TASK PROMPT →
All that should be output is the block of lines below from the line with "12月24日,卓越学院201" to the line with "Dive deep into", both included, exactly as written.

RECORD EXTRACTS →
BEGIN

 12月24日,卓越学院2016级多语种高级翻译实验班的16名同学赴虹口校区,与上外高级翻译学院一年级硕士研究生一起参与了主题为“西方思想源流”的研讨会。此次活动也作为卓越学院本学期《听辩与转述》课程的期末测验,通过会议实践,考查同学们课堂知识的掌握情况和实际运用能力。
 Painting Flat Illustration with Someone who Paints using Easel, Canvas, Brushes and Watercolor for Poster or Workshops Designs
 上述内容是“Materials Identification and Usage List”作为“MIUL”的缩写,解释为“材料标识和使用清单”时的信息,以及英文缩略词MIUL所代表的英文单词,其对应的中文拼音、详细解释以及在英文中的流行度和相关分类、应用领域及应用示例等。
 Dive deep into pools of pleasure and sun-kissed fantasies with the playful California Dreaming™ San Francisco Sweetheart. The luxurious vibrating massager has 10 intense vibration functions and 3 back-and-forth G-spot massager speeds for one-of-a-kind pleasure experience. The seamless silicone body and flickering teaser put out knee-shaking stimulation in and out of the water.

END
BEGIN

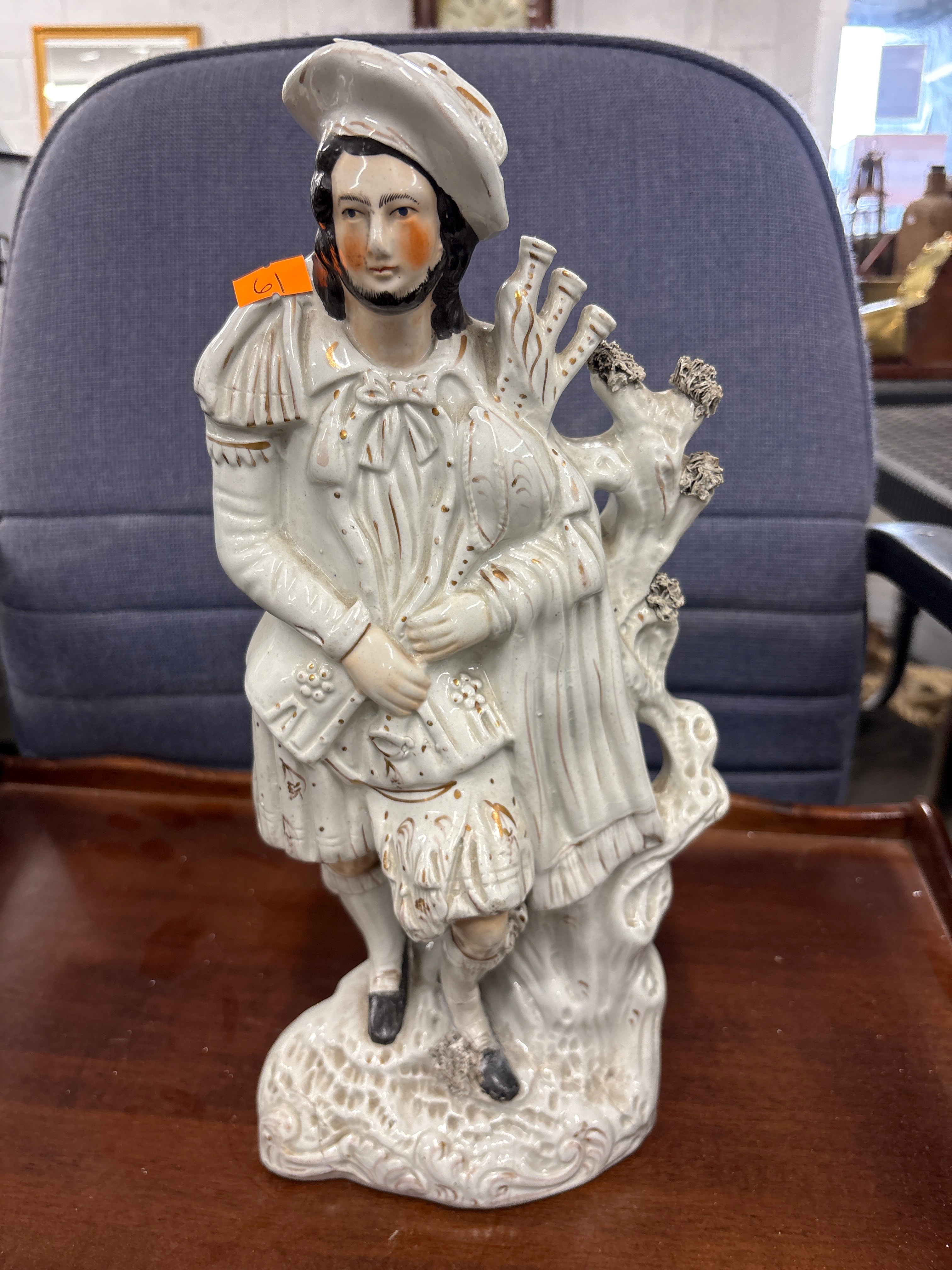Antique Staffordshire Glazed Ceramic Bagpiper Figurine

END
BEGIN

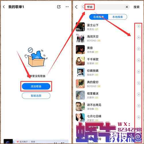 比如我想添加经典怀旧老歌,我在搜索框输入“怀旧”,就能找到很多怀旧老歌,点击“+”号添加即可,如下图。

END

RESULT OF THIS EXERCISE →
 12月24日,卓越学院2016级多语种高级翻译实验班的16名同学赴虹口校区,与上外高级翻译学院一年级硕士研究生一起参与了主题为“西方思想源流”的研讨会。此次活动也作为卓越学院本学期《听辩与转述》课程的期末测验,通过会议实践,考查同学们课堂知识的掌握情况和实际运用能力。
 Painting Flat Illustration with Someone who Paints using Easel, Canvas, Brushes and Watercolor for Poster or Workshops Designs
 上述内容是“Materials Identification and Usage List”作为“MIUL”的缩写,解释为“材料标识和使用清单”时的信息,以及英文缩略词MIUL所代表的英文单词,其对应的中文拼音、详细解释以及在英文中的流行度和相关分类、应用领域及应用示例等。
 Dive deep into pools of pleasure and sun-kissed fantasies with the playful California Dreaming™ San Francisco Sweetheart. The luxurious vibrating massager has 10 intense vibration functions and 3 back-and-forth G-spot massager speeds for one-of-a-kind pleasure experience. The seamless silicone body and flickering teaser put out knee-shaking stimulation in and out of the water.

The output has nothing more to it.